§ **Problem description**
Apart from the pictures, output all of the records exactly.

*** Exercise inputs Section Begins ***

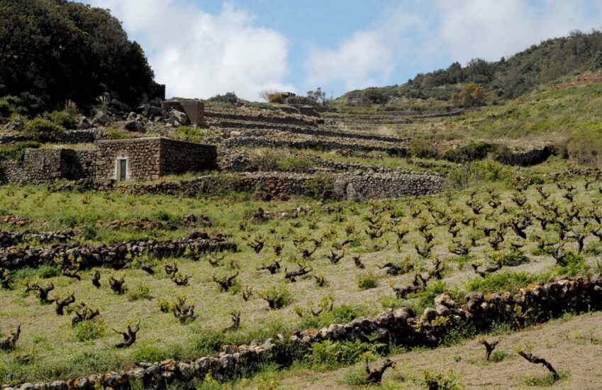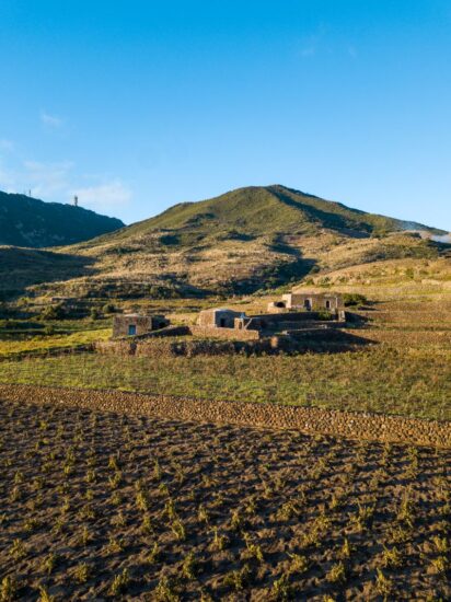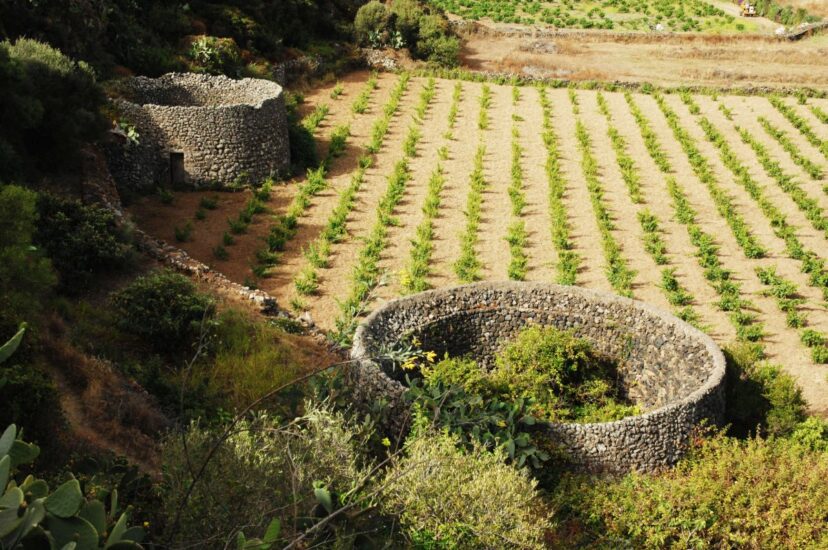 La vite ad alberello pantesca è coltivata all’interno di buche circolari profonde 50-60 cm che proteggono le piante dal vento, creando un microclima umido, essenziale per sopperire alla mancanza d’acqua. I viticoltori piantano la vite in un sistema di terrazzamenti sostenuti da muretti a secco costruiti con pietre vulcaniche, un elemento distintivo del paesaggio agricolo dell’isola. Questi terrazzamenti permettono la coltivazione su pendii scoscesi preservando il terreno. Le piante, allevate basse, si sviluppano così con una forma ad ombrello che ottimizza la captazione della rugiada e protegge i grappoli dall’intensa irradiazione solare. Gli agricoltori dell’isola, custodi di questa tradizione millenaria, mantengono con devozione i terrazzamenti e le coltivazioni, scongiurando l’abbandono di un territorio ad alto rischio idrogeologico.
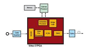 如Xilinx Virtex-5 FPGA这样的最新器件拥有大量的逻辑应用,能提供类似于ASIC级的性能。FPGA囊括了广播设备设计人员想要的所有功能:嵌入式低功耗3.2Gbps收发器;支持多种标准(如SDI、HD-SDI、双连接HD-SDI、3G-SDI、DVB-ASI、AES数字音频)、以太网和PCI Express接口、高速DSP模块、嵌入式处理器、以太网MAC、PCI Express核、多个视频IP核。
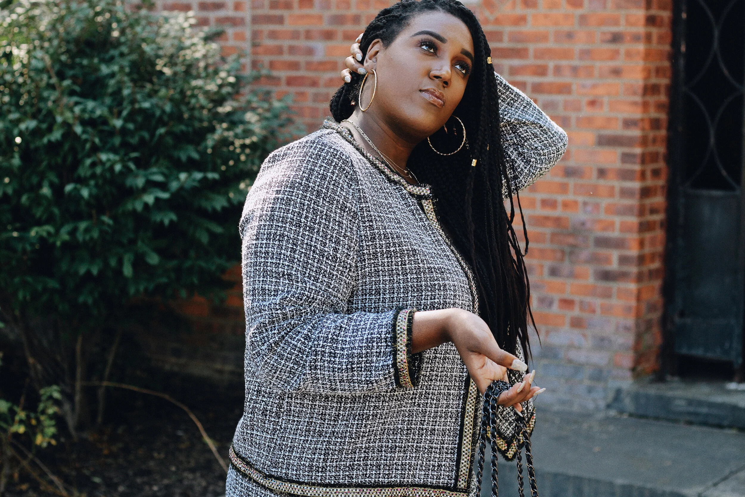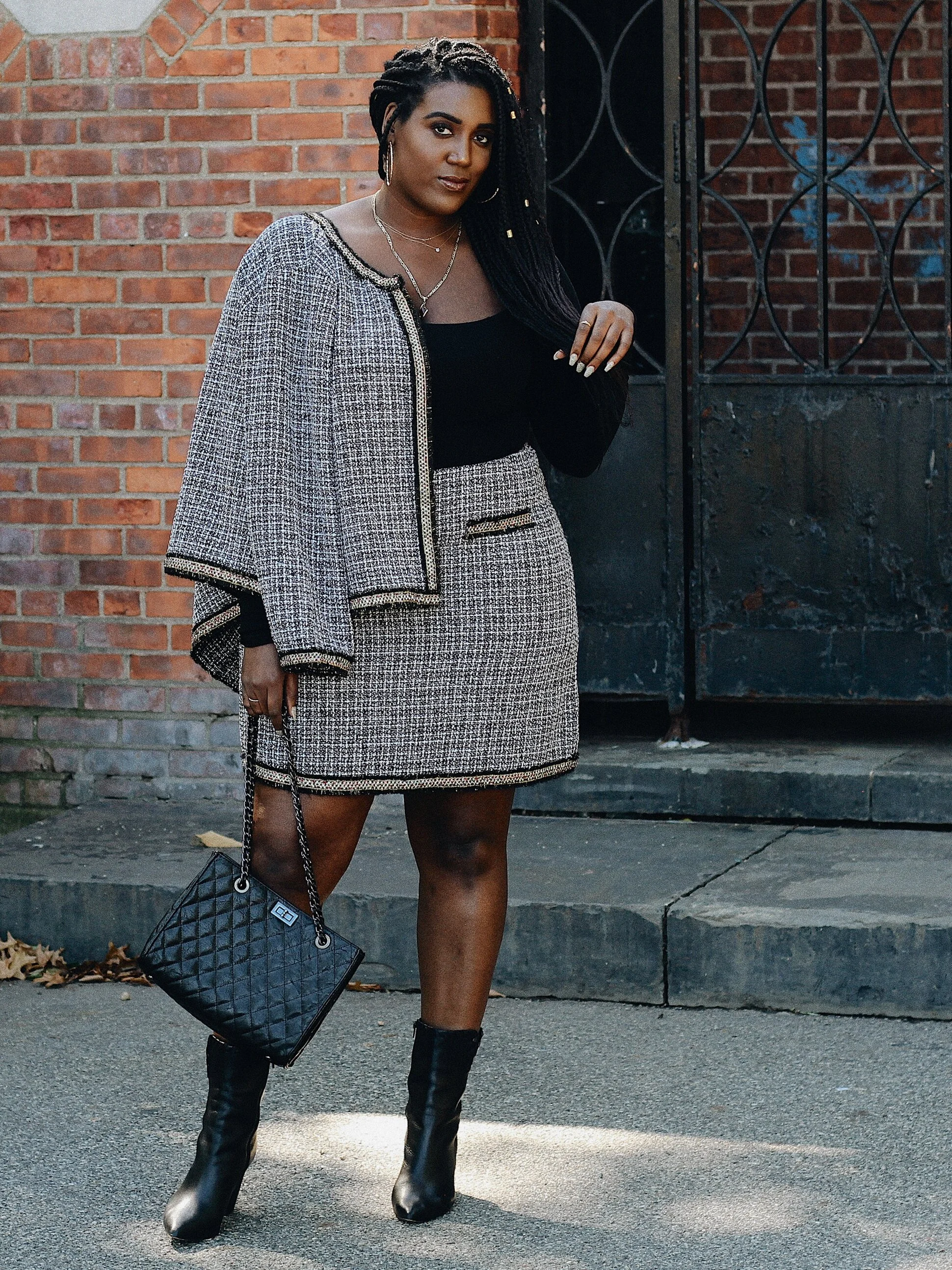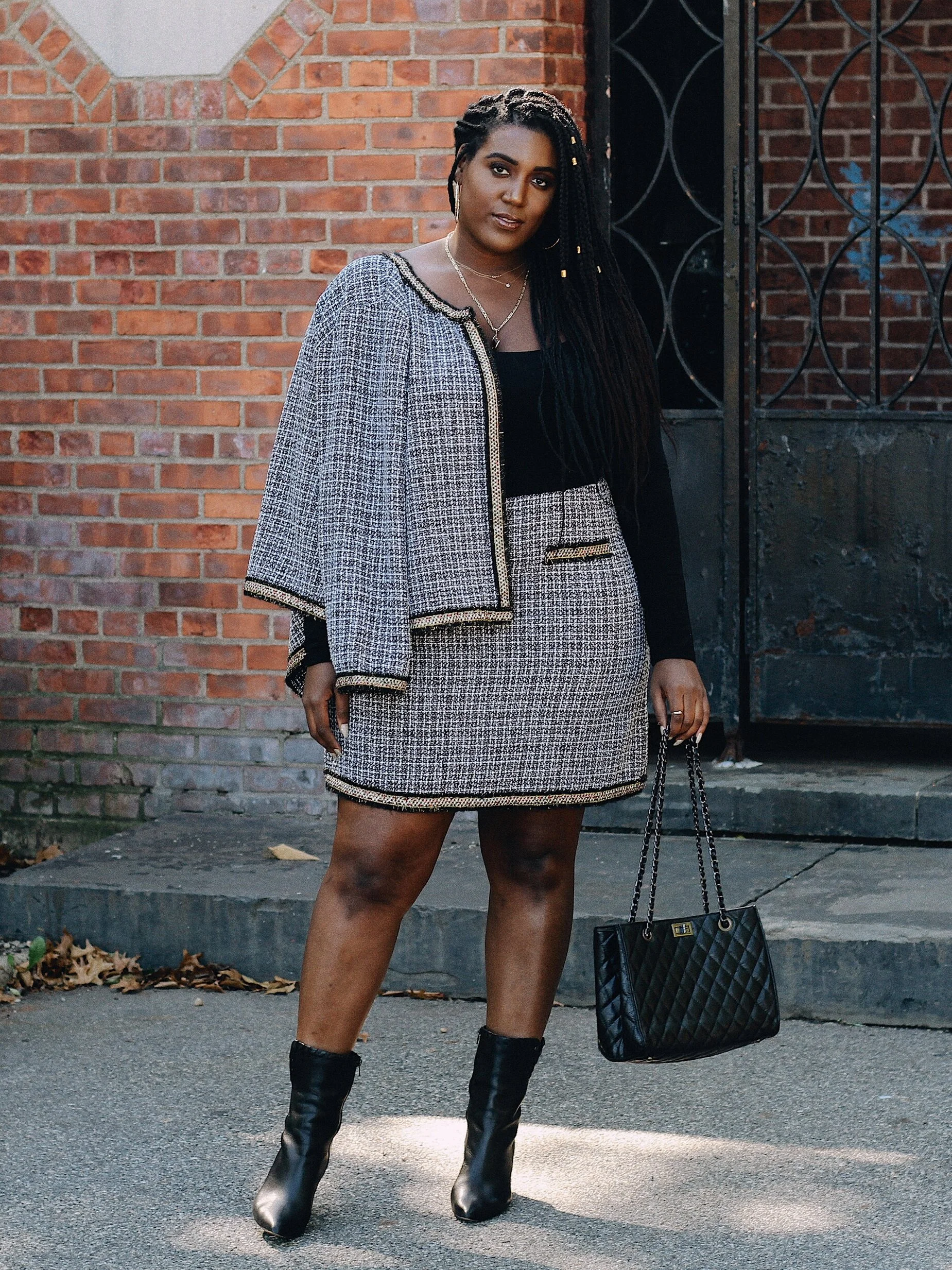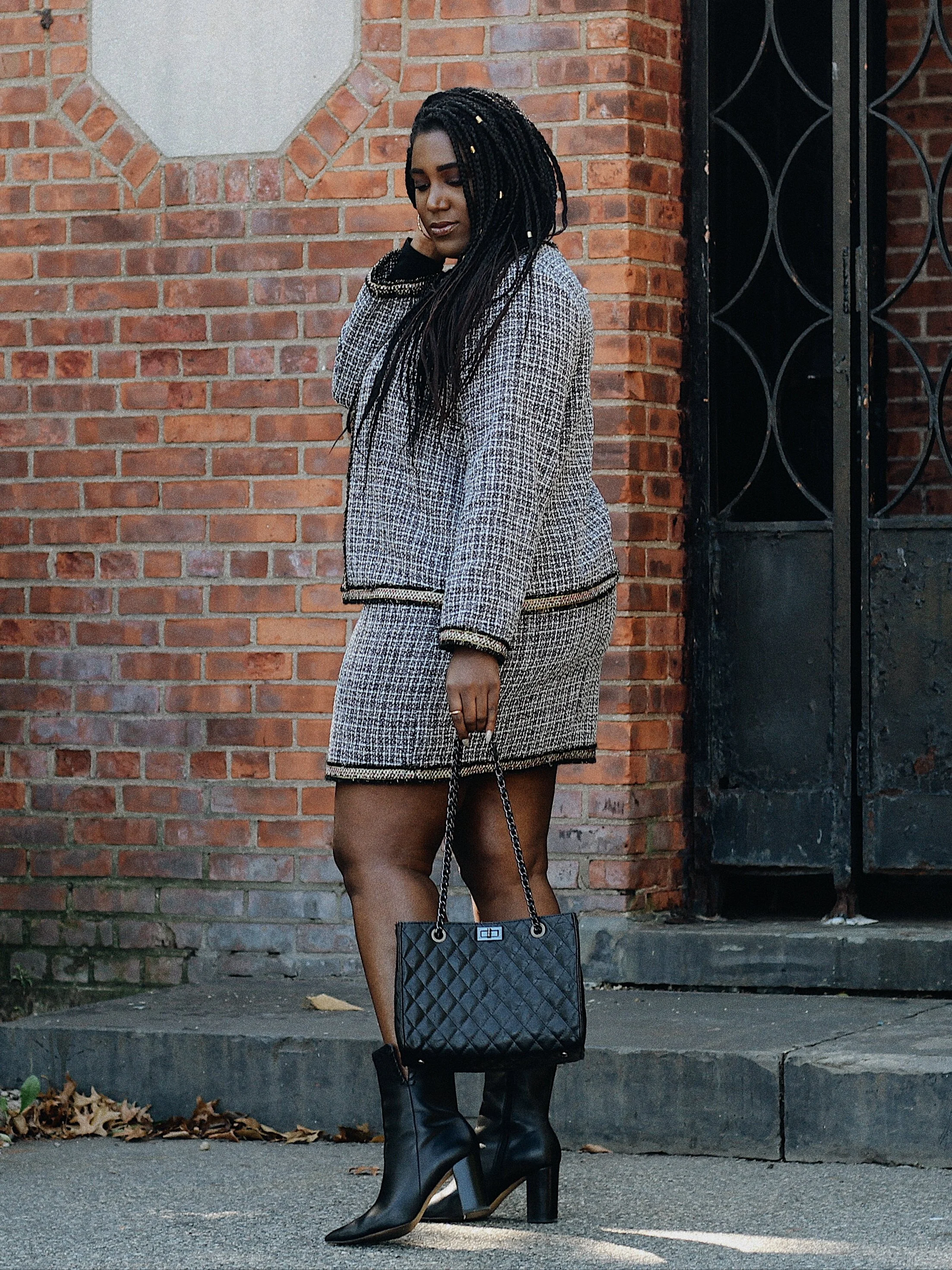 Today Iβm feeling super preppy in my gifted Tweed jacket and skirt set. The only thing missing is my beret! If you like this outfit, you can find it here (search ID: 796558).
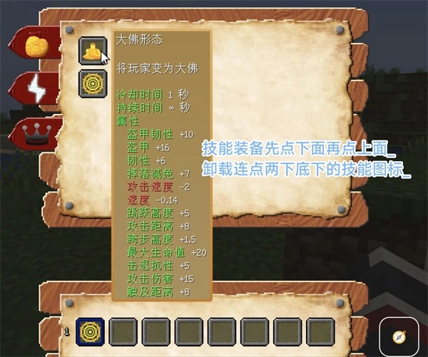 · 卸载技能的操作方式为:连续点击两次面板下方技能栏内的对应技能图标。
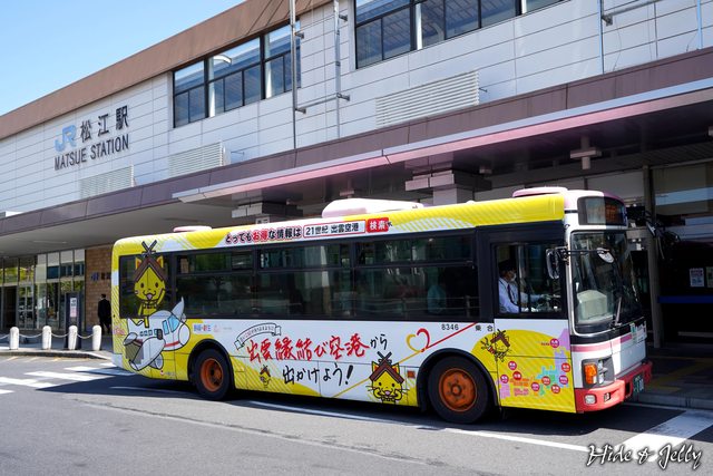 吃飽後我們從「大橋北詰」站搭乘巴士回到松江駅,意外看到有著松江出雲空彩繪的巴士

*** Exercise inputs Section Ends ***

§ **Task response**
 La vite ad alberello pantesca è coltivata all’interno di buche circolari profonde 50-60 cm che proteggono le piante dal vento, creando un microclima umido, essenziale per sopperire alla mancanza d’acqua. I viticoltori piantano la vite in un sistema di terrazzamenti sostenuti da muretti a secco costruiti con pietre vulcaniche, un elemento distintivo del paesaggio agricolo dell’isola. Questi terrazzamenti permettono la coltivazione su pendii scoscesi preservando il terreno. Le piante, allevate basse, si sviluppano così con una forma ad ombrello che ottimizza la captazione della rugiada e protegge i grappoli dall’intensa irradiazione solare. Gli agricoltori dell’isola, custodi di questa tradizione millenaria, mantengono con devozione i terrazzamenti e le coltivazioni, scongiurando l’abbandono di un territorio ad alto rischio idrogeologico.
 如Xilinx Virtex-5 FPGA这样的最新器件拥有大量的逻辑应用,能提供类似于ASIC级的性能。FPGA囊括了广播设备设计人员想要的所有功能:嵌入式低功耗3.2Gbps收发器;支持多种标准(如SDI、HD-SDI、双连接HD-SDI、3G-SDI、DVB-ASI、AES数字音频)、以太网和PCI Express接口、高速DSP模块、嵌入式处理器、以太网MAC、PCI Express核、多个视频IP核。
 Today Iβm feeling super preppy in my gifted Tweed jacket and skirt set. The only thing missing is my beret! If you like this outfit, you can find it here (search ID: 796558).
 · 卸载技能的操作方式为:连续点击两次面板下方技能栏内的对应技能图标。
 吃飽後我們從「大橋北詰」站搭乘巴士回到松江駅,意外看到有著松江出雲空彩繪的巴士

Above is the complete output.